Como agem com o termômetro das ruas e nenhuma delas se encheu em protesto contra este reajuste, os procuradores devem ter concluído que os brasileiros concordam em premiá-los pelos bons serviços prestados. Como não se ouviram panelas contra essa apropriação dos recursos devidos à União, é possível que a autonomia da força-tarefa seja vista como o preço a pagar para que o Brasil se livre da chaga da corrupção.

O presidente da Associação Nacional dos Procuradores da República, José Robalinho Cavalcanti, reconhece a não previsão legal da cláusula adotada em Curitiba, diz ser bem-vinda a aprovação de uma lei que regulamente o repasse, comum em outras instituições, como Ibama ou Detran, mas, em cumprimento de seu dever, sai em defesa dos colegas. A decisão, argumenta, foi homologada pelo juiz Sergio Moro, um dos primeiros, no país, a autorizar que carros apreendidos em operações de combate à lavagem de dinheiro fossem vendidos antes de virarem sucata. O procedimento, depois autorizado pelo Conselho Nacional de Justiça, permitiu que uma parte dos recursos, depositados em contas, fossem destinados à infraestrutura das operações.

Em artigo publicado no ano passado, Wanderley Guilherme dos Santos lembrou que quando as instituições falham, é o caráter que prevalece. Ex-colaborador de governos petistas, na secretaria de Comunicação Social e no BNDES, o pesquisador da Fundação Casa Rui Barbosa, Fábio Kerche se vale da inspiração do cientista político carioca para resgatar a singularidade de um ministério público brasileiro cuja autonomia moldou o caráter de procuradores que hoje só respondem a ruas e panelas.

Autor de "Virtudes e limites: atribuições e autonomia do Ministério Público" (Edusp, 2009), Kerche custou a encontrar em outro lugar uma instituição tão poderosa. Ainda que integre a estrutura do Judiciário, o ministério público na Alemanha, na Espanha e na Holanda tem seu orçamento subordinado ao Ministério da Justiça. Não por acaso, os modelos mais próximos estão nas pátrias inspiradoras da Lava-jato. Na Itália a carreira se confunde com a de juiz, e nos distritos americanos os procuradores são escolhidos diretamente pelo voto, o que leva a uma inflação de ações judiciais em anos eleitorais e a carreiras políticas, como a de Bill Clinton.

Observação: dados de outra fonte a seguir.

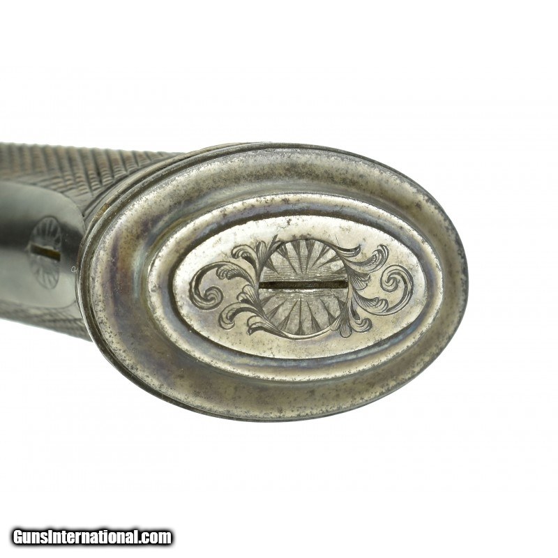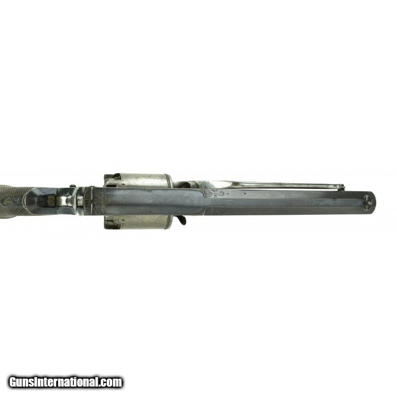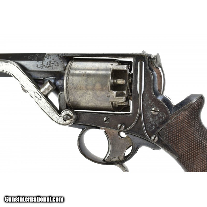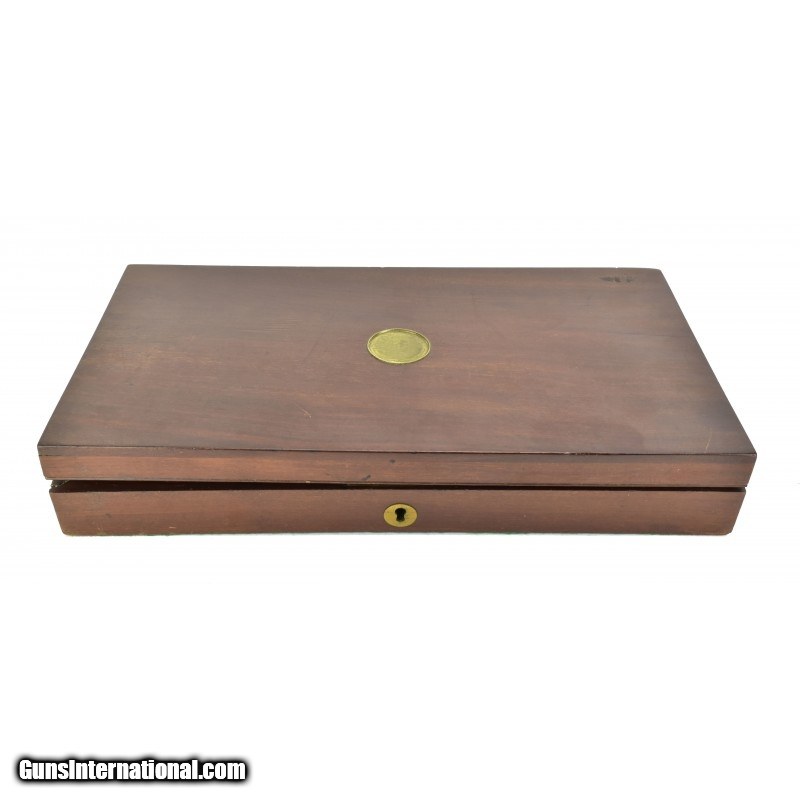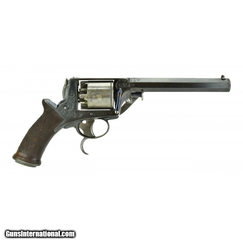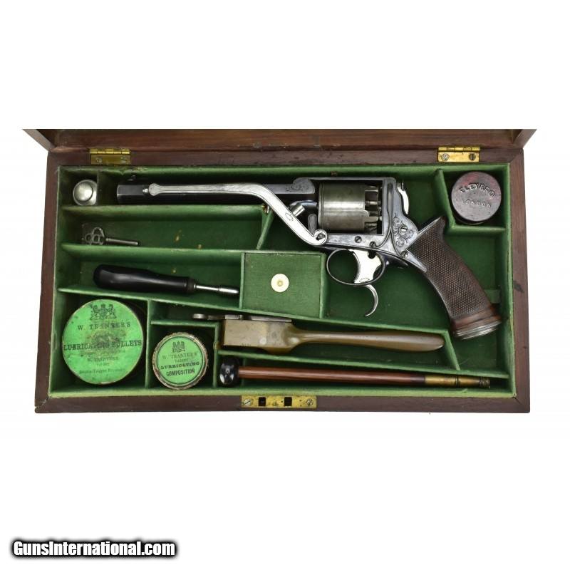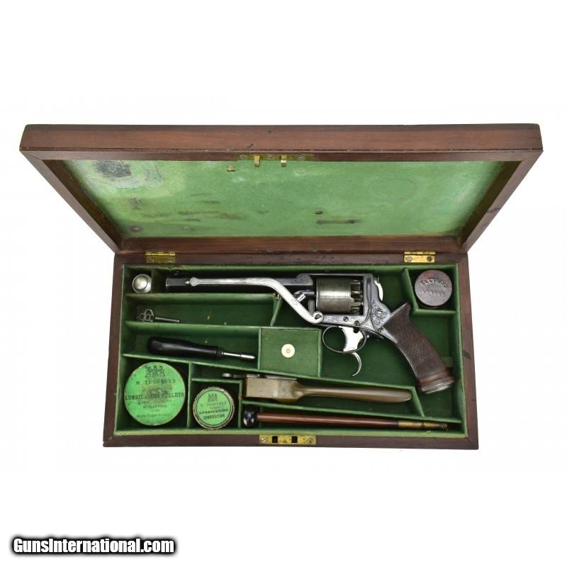 Description: "Tranter Two Trigger .44 Caliber Revolver. (Mold marked Adams Registered 54). Cased with all accessories. Mold, cleaning rod, key, and two cans of Eley caps, load balls, large can of bullet lubricant, Tranter lubrication composition (small tin), and oil dispenser. Revolver has 98% blue. Cylinder and butt cap have 50% case colors. Action works perfectly. Grips are perfect. Very fine set. SOLD Antique: Yes |
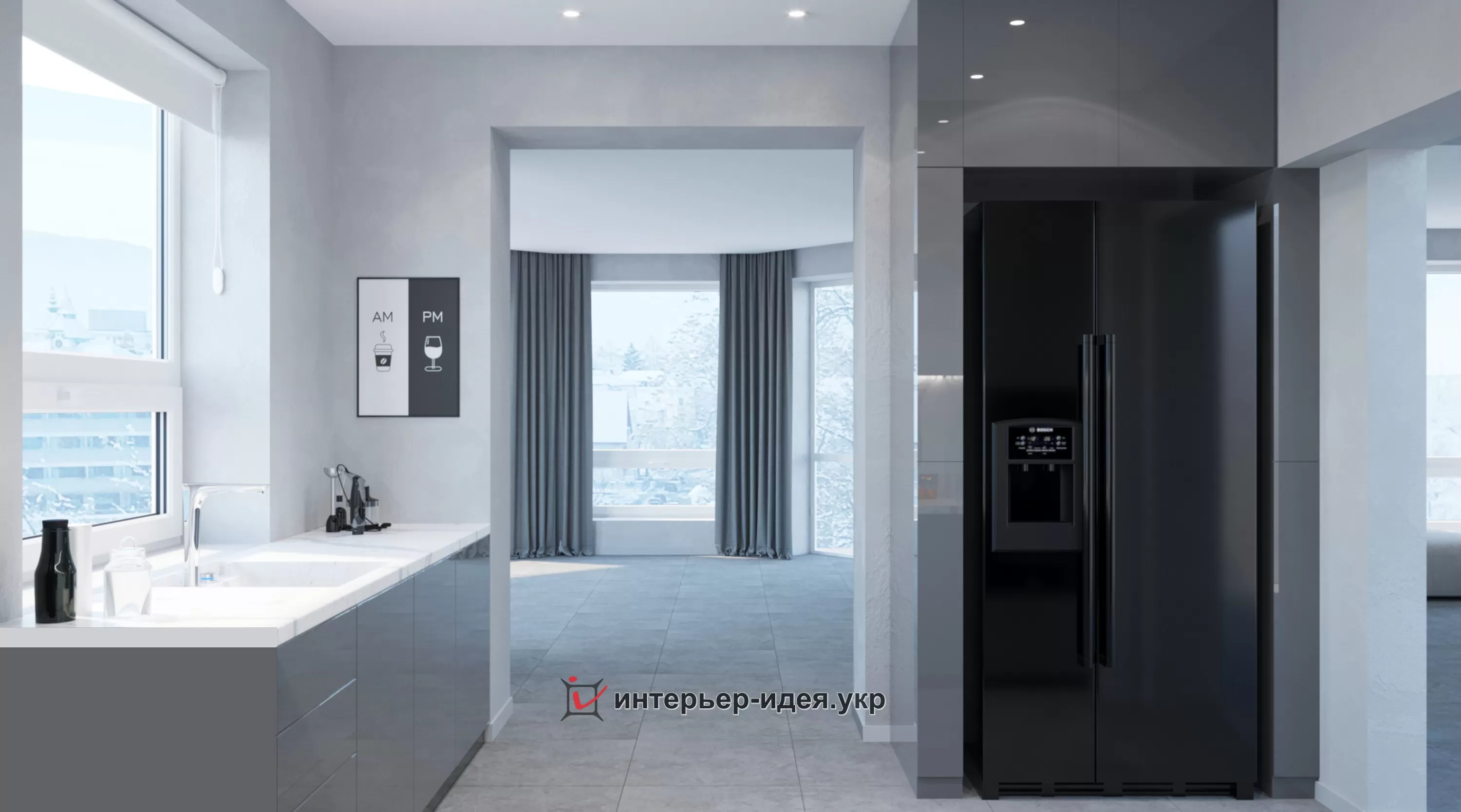 Проект був розроблений в сірих і темних тонах - ці відтінки візуально розширюють приміщення і збільшують простір, а також свідчать про вишуканість смаку господарів.

Kerche questiona a vigilância exercida pelo Conselho Nacional do Ministério Público, formado majoritariamente por integrantes da carreira, e o modelo de escolha do procurador-geral da República. A Constituição prevê a escolha pelo presidente da República, mandato de dois anos e recondução ilimitada. O último a exercer mais de dois mandatos sem nominação a partir de lista tríplice foi Geraldo Brindeiro, no governo Fernando Henrique Cardoso.

A previsão constitucional, diz Kerche, tanto permite que o procurador aja de olho em seu principal eleitor (o presidente), quanto no seu eleitorado (os pares que elegem a lista tríplice). Advoga que o modelo da lista tenha algum filtro de participação popular para evitar que as promessas corporativas se sobreponham às do interesse público.

O precedente aberto pelo bônus reivindicado pela força-tarefa de Curitiba, exacerba um modelo em que a legitimidade ao Ministério Público se dá em detrimento dos poderes eleitos. Todos os poderes enfrentam restrições orçamentárias, mas aquelas impostas ao Legislativo e ao Executivo limitam o alcance de políticas públicas sem as quais seus representantes não conseguem renovar seus mandatos. O procurador apoia-se na Constituição para determinar, sob aplausos, que um município aumente seus leitos de hospital, enquanto o prefeito é obrigado a cumprir a decisão judicial a despeito de restrições orçamentária para cumprir a decisão judiciais. A definição de prioridades pelo ministério público judicializa a essência da política.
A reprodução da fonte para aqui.